What’s my book going to be about?

Many of you know that I am planning to take off the spring term of 2017 in order to start writing a book. There are several books I have in my mind which I think deserve to be written[1]. But as I have previously struggled when writing longer pieces like that, for my first book I have decided to go for a project where the structure is fairly self-evident, and I am hopefully less likely to get lost in endless cycles of re-structuring.

The basic idea is that I’ll be writing a textbook, (or training manual) outlining in fairly sequential fashion the possible curriculum for a 21st century integrative-integral-embodied-relational therapy course, and designed for students and tutors as an accompaniment to integrative learning and training.

Inspired by my recent visits to Pakistan, where I have been teaching on an integrative counselling course, I have been wondering about traditional counselling and psychotherapy training and how it is organised and how effective and productive it is. I call it ‘traditional’ because although my own original training was fairly experiential and there is an experiential tradition throughout the humanistic field, since the 1990s much counselling and psychotherapy training has become increasingly academic and less experiential. And in my opinion it is debatable whether - inspite of other beneficial developments in therapy (around trauma therapies, neuroscience, psychotherapy integration, the relational turn) - this has really served our discipline and improved the standard of therapy which the public ultimately receives. Arguably, our trainings are still stuck in the therapy principles of the 20th century - in their left-brain academic educational paradigms, their NVQ-like skill sets and assessment criteria, in their underlying assumptions about role of the therapist in the predominantly ‘talking therapies’, with some lingering sense of the ‘modality wars’ even in integrative trainings.

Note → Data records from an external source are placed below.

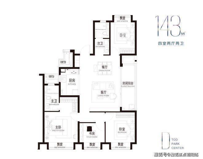 「」建面约106㎡3房:无连廊,高得房率!相比市面上普遍带连廊的高层产品,项目建面约106㎡新品户型全系无连廊,采光更通透,隐私性更佳,得房率超高!客餐厅一体化+开放式厨房+大尺度观景阳台,整个公区几乎没有面积浪费,营造的空间感和尺度感远超同价位其他竞品;主卧大套房贯穿南北, 自带衣帽间+卫生间+飘窗,气度非凡。建面约143㎡D户型▼
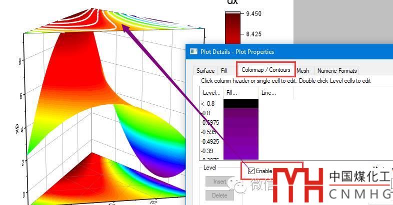 Colormap:勾選Enable Contours,點擊Line打開Contours Lines對話框,勾選Show on Major Levels Only和Link Line to Colormap,Tickness設(shè)為3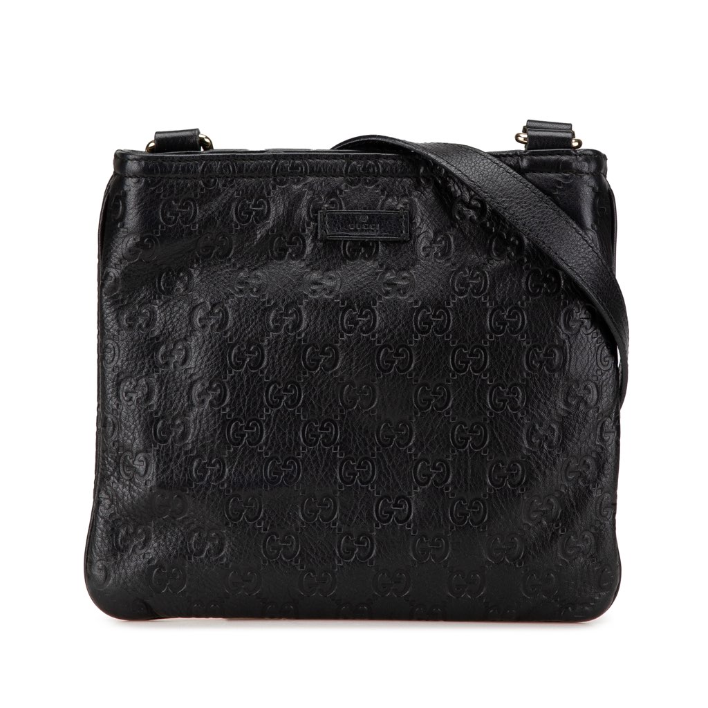 This crossbody bag features an embossed leather body, an adjustable flat leather strap, a top zip closure, and interior zip and slip pockets.

In the light of what we have learnt over the last 20 years in terms of the embodied, intersubjective and relational foundations of therapy, and what makes therapy work, we can wonder: what are the most important skills, qualities and competencies that prepare a student for the ‘impossible profession’? How would we prepare a trainee - the averagely wounded person coming into training as a student - and how would we allocate the few precious training hours we have realistically available? What kind of learning environment do we think is most suited to maximise attention to the crucial developmental processes that will make a difference to the kind of therapist they will become?
How do we help students reflect on the wounded subjectivity they are bringing to the intersubjective encounter, including their own tendencies for over-identifying or dissociating, for example? How do we facilitate the development of their implicit relational knowing, their right-brain capacities for attunement and attachment, the otherwise subliminal functioning of their mirror neurons, their investment in their own habitual relational positions? How do we help students deepen and enhance their innate emotional intelligence and life experiences, and turn them into resources for the therapeutic position? And how do we help them become aware of their own tendencies, mechanisms and patterns of avoiding or demanding intimacy, or breaking or forcing intensity, their inclinations for surrender versus submission, and their own investments in or abhorrence of therapeutic authority and power – all of these factors are crucial in maintaining awareness in the roller coaster ups-and-downs of the working alliance and its ruptures and repairs.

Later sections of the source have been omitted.